TASK DETAILS:
The entries below contain pictures, which are to be left out; write out exactly, and only, the lines from the line with "line, note, shadow" up to and including the line with "5. The nearby".

EXTRACTED INFORMATION:

=-=-=

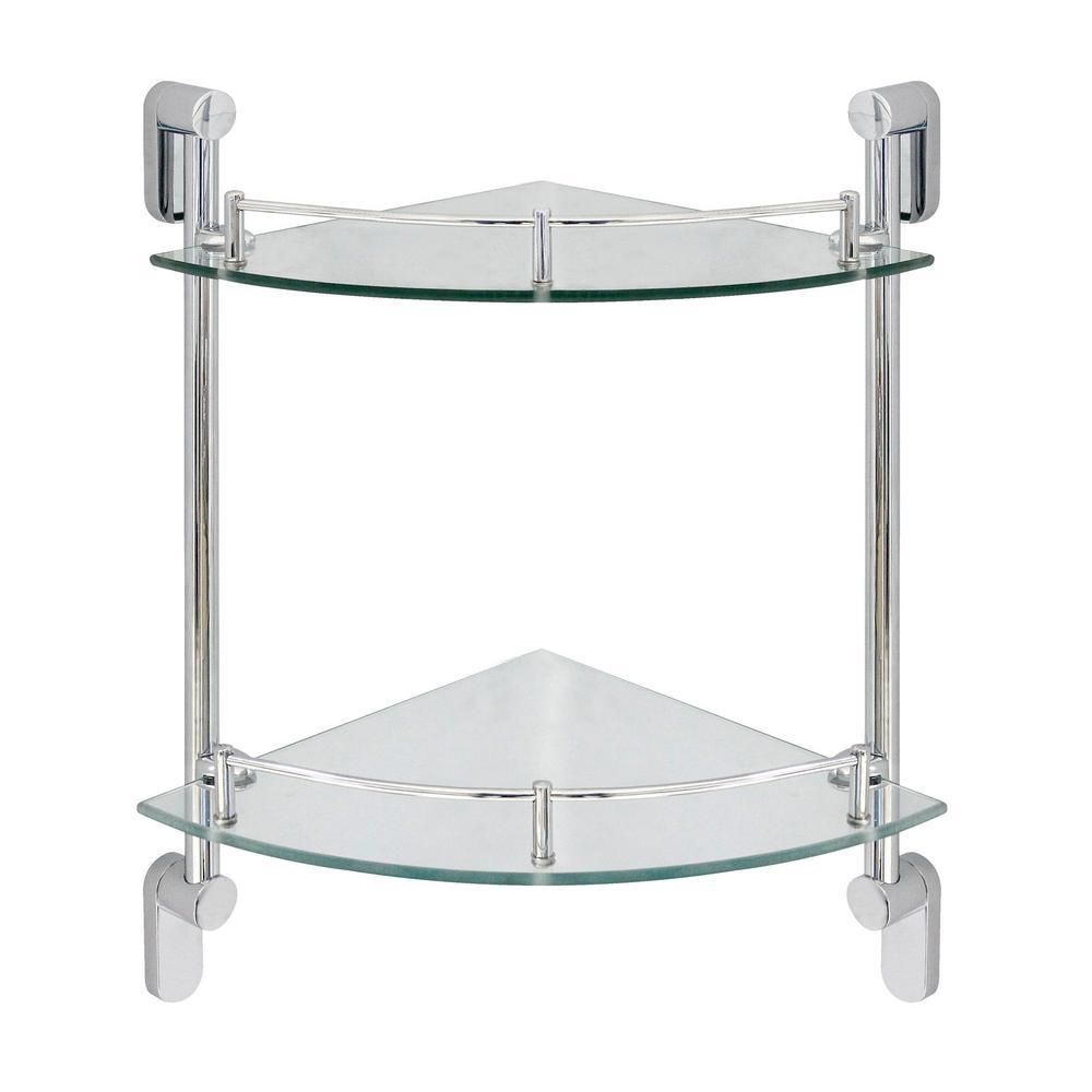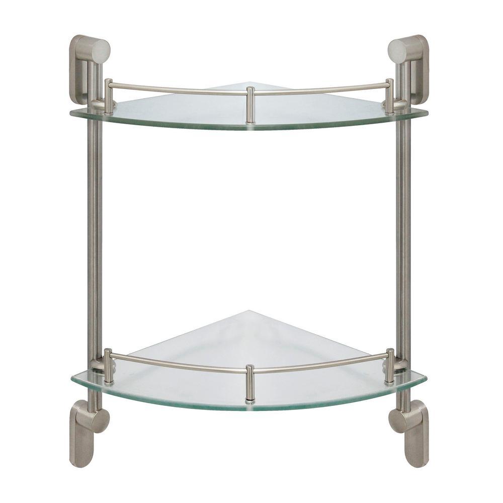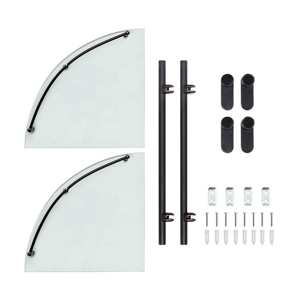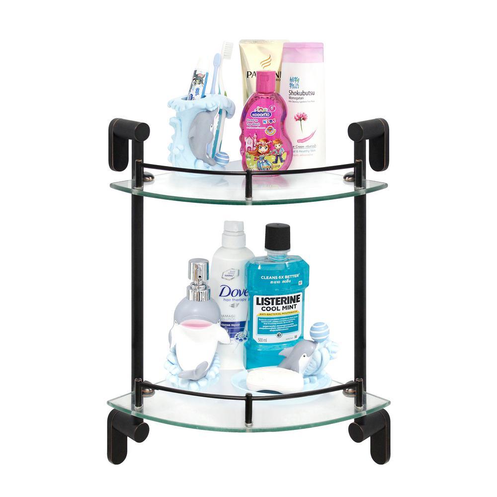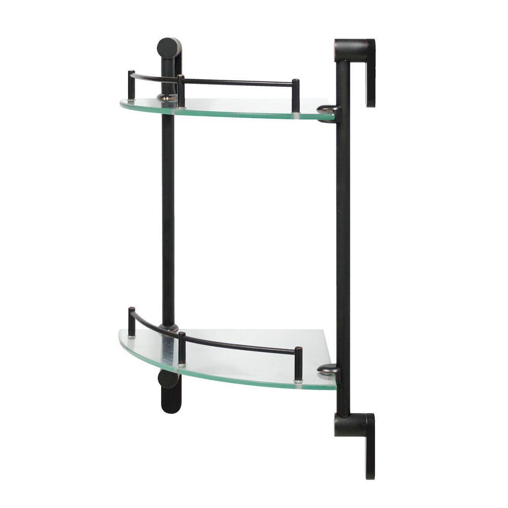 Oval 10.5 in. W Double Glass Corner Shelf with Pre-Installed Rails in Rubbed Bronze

=-=-=

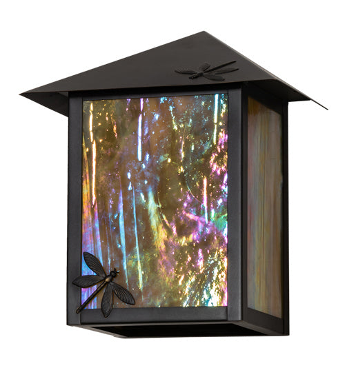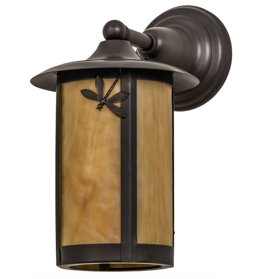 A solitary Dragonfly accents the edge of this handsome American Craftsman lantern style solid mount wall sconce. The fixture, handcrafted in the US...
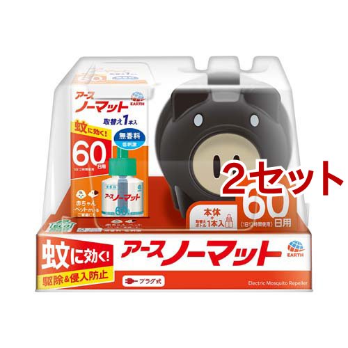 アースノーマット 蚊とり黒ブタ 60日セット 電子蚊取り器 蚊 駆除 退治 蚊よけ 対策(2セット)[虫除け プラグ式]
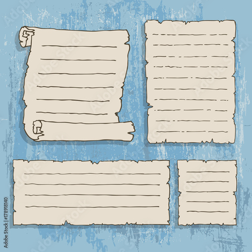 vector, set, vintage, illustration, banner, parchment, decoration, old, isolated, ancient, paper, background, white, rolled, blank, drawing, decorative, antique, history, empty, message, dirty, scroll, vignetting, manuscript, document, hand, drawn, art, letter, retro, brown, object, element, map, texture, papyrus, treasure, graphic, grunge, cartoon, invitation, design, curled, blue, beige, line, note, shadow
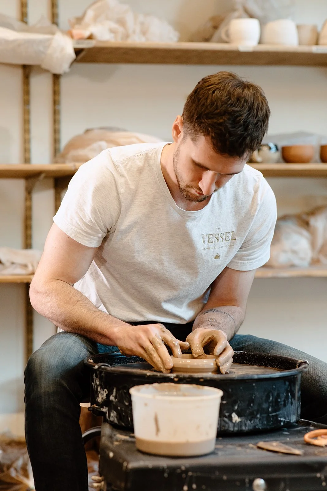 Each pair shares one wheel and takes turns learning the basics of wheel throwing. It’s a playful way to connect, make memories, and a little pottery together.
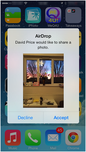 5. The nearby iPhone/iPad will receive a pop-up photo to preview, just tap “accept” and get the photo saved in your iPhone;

=-=-=

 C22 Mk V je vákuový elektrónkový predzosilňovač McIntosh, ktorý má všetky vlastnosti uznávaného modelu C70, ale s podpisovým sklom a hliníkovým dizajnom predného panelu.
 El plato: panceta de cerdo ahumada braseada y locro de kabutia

=-=-=

EXERCISE ANSWER:
 vector, set, vintage, illustration, banner, parchment, decoration, old, isolated, ancient, paper, background, white, rolled, blank, drawing, decorative, antique, history, empty, message, dirty, scroll, vignetting, manuscript, document, hand, drawn, art, letter, retro, brown, object, element, map, texture, papyrus, treasure, graphic, grunge, cartoon, invitation, design, curled, blue, beige, line, note, shadow
 Each pair shares one wheel and takes turns learning the basics of wheel throwing. It’s a playful way to connect, make memories, and a little pottery together.
 5. The nearby iPhone/iPad will receive a pop-up photo to preview, just tap “accept” and get the photo saved in your iPhone;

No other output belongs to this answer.